### INSTRUCTIONS TO FOLLOW
Exclude all pictures. Then restate, word for word, the entries from the first line through the line that contains "牛肉を室温に戻す(2~3時間".

______

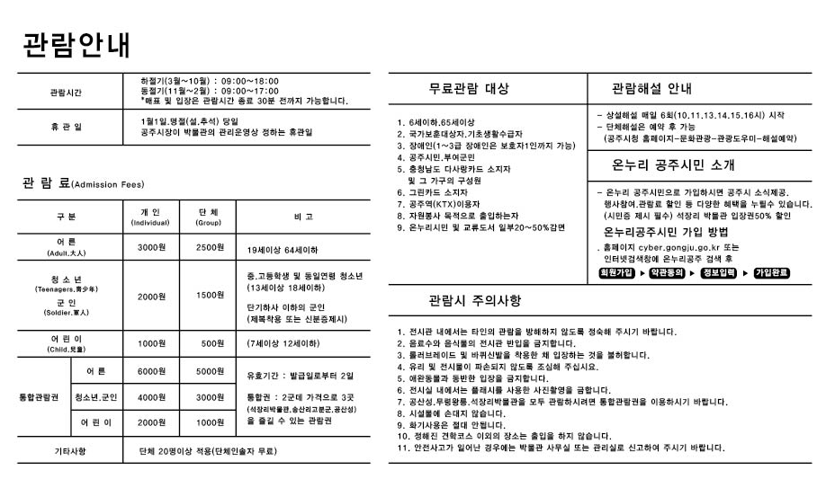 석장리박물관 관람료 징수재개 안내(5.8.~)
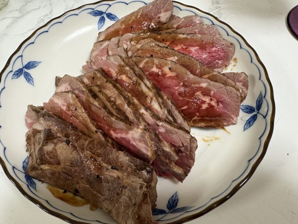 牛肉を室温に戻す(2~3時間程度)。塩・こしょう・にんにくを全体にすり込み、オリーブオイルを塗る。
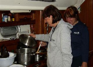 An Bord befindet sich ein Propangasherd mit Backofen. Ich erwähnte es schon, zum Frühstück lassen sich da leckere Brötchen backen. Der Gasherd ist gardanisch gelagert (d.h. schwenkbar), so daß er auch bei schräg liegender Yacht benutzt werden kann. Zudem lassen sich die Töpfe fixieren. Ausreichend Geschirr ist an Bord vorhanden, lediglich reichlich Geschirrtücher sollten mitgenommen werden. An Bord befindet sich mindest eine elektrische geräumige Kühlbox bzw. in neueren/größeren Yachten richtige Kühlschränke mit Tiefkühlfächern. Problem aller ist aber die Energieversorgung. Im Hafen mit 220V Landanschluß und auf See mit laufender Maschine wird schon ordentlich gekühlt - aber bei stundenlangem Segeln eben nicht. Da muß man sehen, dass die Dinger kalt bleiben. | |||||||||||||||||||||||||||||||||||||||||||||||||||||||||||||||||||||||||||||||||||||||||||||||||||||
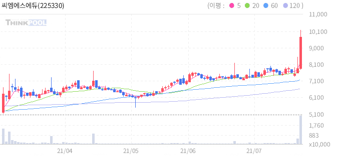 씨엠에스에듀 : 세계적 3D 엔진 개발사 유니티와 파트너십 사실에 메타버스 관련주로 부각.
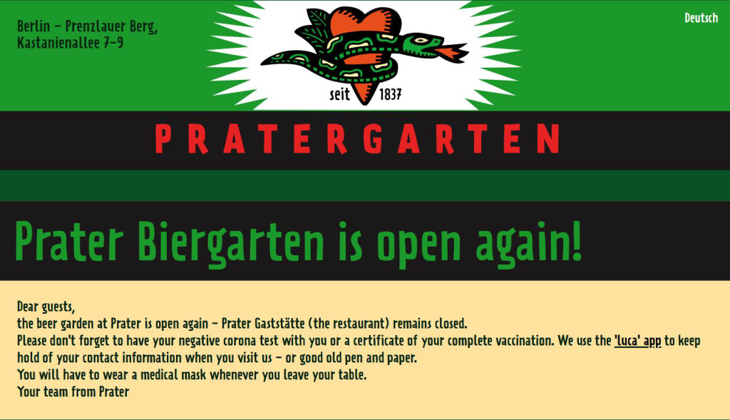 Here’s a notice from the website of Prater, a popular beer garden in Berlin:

______

### RESULT BELOW
 석장리박물관 관람료 징수재개 안내(5.8.~)
 牛肉を室温に戻す(2~3時間程度)。塩・こしょう・にんにくを全体にすり込み、オリーブオイルを塗る。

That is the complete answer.